Solution Approach 2:
The system performs preliminary classification of surrounding vehicles into nearby and remote categories before conducting collision risk calculations. By pre-identifying which vehicles require detailed analysis and which can be monitored at a distance, the system reduces overall calculation complexity while maintaining comprehensive safety warning capability.
2Reliability
If the system monitors all surrounding vehicles for potential collision risks, then the safety warning capability is improved, but the computational load increases and response time may be delayed
Solution Approach 1:
The system applies different monitoring intensities to different vehicles based on their spatial relationship with the ego-vehicle. Nearby vehicles receive intensive real-time collision risk analysis, while remote vehicles receive periodic classification and monitoring.
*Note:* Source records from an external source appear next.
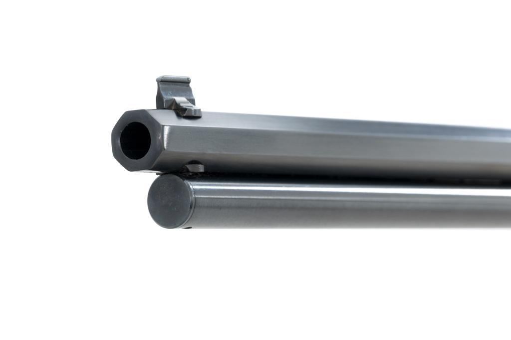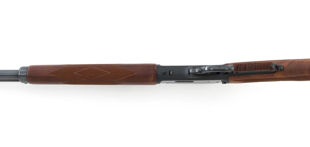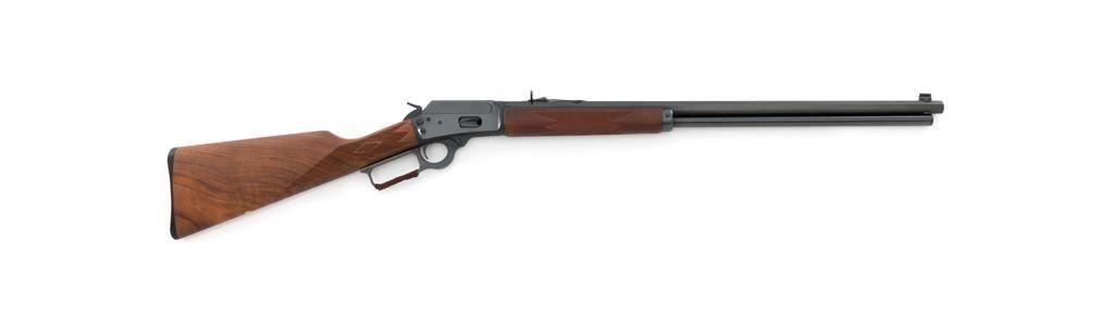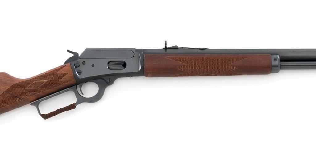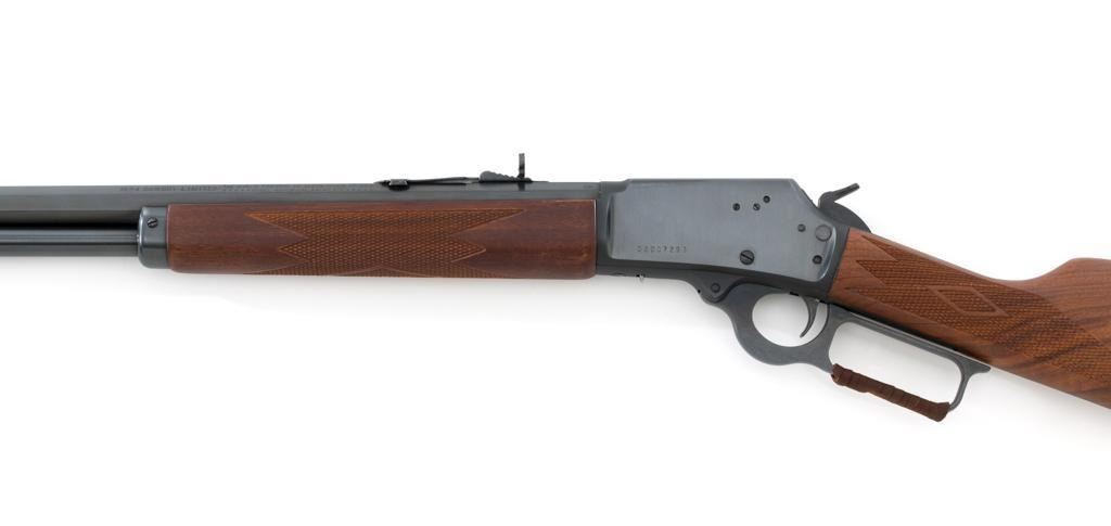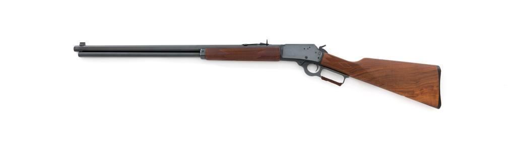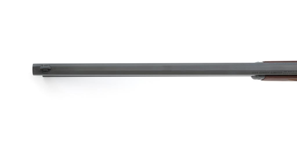 Marlin Model 1894CB Cowboy Limited Lever Action Rifle, #02007293, .44-40 cal., 24'' octagonal ''JM'' marked barrel, dark blue finish, oil-finished straight grip walnut stock and forend with diamond center checkering detail, black plastic Marlin buttplate, dovetailed blade front sight, semi-buckhorn rear sight with elevator, and cross-bolt safety. Portion of the lever has been wrapped in leather. Top of the receiver is factory drilled and tapped for a scope mount. Left side of the barrel is marked ''1894 COWBOY LIMITED''. Mfg'd 1998. Condition is excellent, retaining approx. 98% factory blue, showing intermittent light marks from handling and use, most notable are along the matte finish on top of the receiver. Wood with sharp checkering detail and very few, minor handling marks. Action is crisp and operates smoothly. Bore rates excellent and is bright with defined rifling. Est.: $900-$1,200. (Modern/PPT)
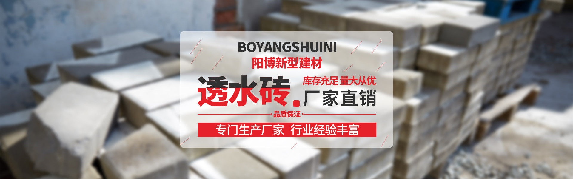 昆明陽博新型建材有限公司(原星貿(mào)水泥制品廠)始建于2007年,現(xiàn)有西三環(huán)總廠、桃園制管分廠、沙靠構(gòu)件分廠,生產(chǎn)和銷售鋼筋混凝土排水管、人行道磚、透水磚、落水篦子、蓋板、路沿石等各類混凝土預(yù)制構(gòu)件。經(jīng)過十余年發(fā)展,公司取得了“國內(nèi)工業(yè)產(chǎn)品生產(chǎn)許可證”、“混凝土預(yù)制構(gòu)件三級資質(zhì)”、“試驗(yàn)室證書”等資質(zhì),并先后獲得了云南省混凝土協(xié)會和云南省水泥制品協(xié)會授予的“企業(yè)發(fā)展獎(jiǎng)”、“突出貢獻(xiàn)獎(jiǎng)”、“副主任委人員單位”等榮譽(yù)。我公司從成立至今,產(chǎn)品和服務(wù)深受用戶信賴,遠(yuǎn)銷省內(nèi)外。先后承接了中鐵十五局集團(tuán)第四工程有限公司昆明市官渡13號路排水工程項(xiàng)目、中鐵上海工程局市政工程有限公司昆明主城南片排水管網(wǎng)完善工程項(xiàng)目、中鐵建設(shè)集團(tuán)有限公司大漁路項(xiàng)目、中鐵八局集團(tuán)昆明鐵路建設(shè)有限公司昆明排水管網(wǎng)完善工程項(xiàng)目、山東黃河工程集團(tuán)有限公司昆明北沙地項(xiàng)目等的排水管道...
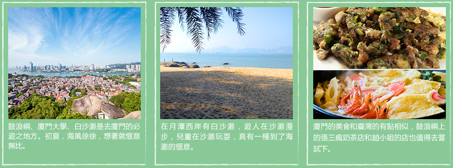 廈門和臺灣隔海相望,廈門有“鷺島”的美稱,相傳遠古時為白鷺棲息之地。氣候宜人,風景秀麗,小島鼓浪嶼更是都市人休閒旅遊的目的地。在我眼中,廈門的氣質是熱情奔放的,朝氣如剛20出頭的年輕人。
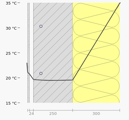 dT, 5K schön wär's. Nehmen wir an die Vorlauftemperatur beträgt 18°C und die Rücklauftemperatur 20°C. Somit wäre die mittler Fluid-Temperatur bei 19°C. Ich habe jetzt mein Haus als Referenz herangezogen, mit 30 cm 027 XPS ist das Dach damit sehr gut isoliert. Bei einer mittleren Fluid-Temperatur von 19°C beträgt die Oberflächentemperatur der Decke 21°C (Raumtemperatur 23°C). Der Wärmestrom nach innen wäre damit -18,7 W/m², jener nach außen aufgrund der guten Dämmung -1,3 W/m². Aufs Haus gerechnet würde die Kühlleistung bei diesen Parametern bei ca. 4,6 kW liegen. |
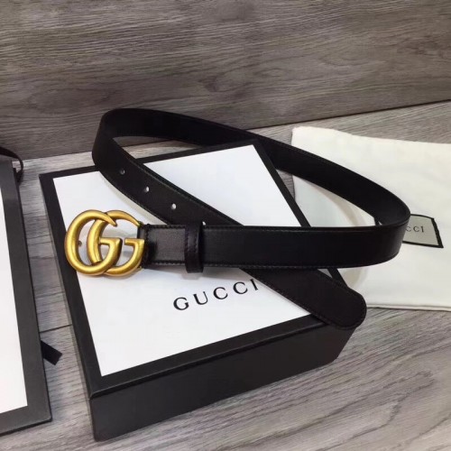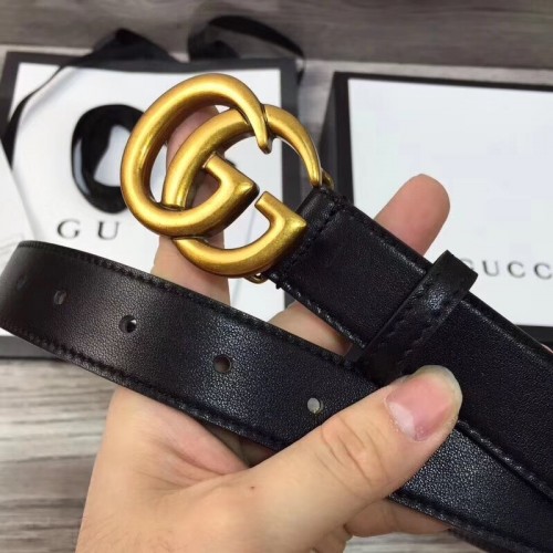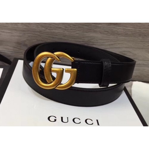 Gucci 3cm Wide Leather Belt With gold gg buckle

This local differentiation of monitoring quality maintains high safety warning capability for critical situations while reducing overall computational load and response time.
Data Source
AI summary
An ego-vehicle warning method includes determining a nearby area of an ego-vehicle based on moving information of the ego-vehicle, performing target classification on vehicles surrounding the ego-vehicle to obtain nearby vehicles in a plurality of directions and remote vehicle sets in the plurality of directions, for any remote vehicle in a remote vehicle set, calculating a shortest distance between the remote vehicle and a nearby vehicle in each direction that matches a direction of the remote vehicle in the plurality of directions in a future time period, and recording a time T when the shortest distance is less than a threshold D, and sending alarm information to a driver of the ego-vehicle based on the recorded time T.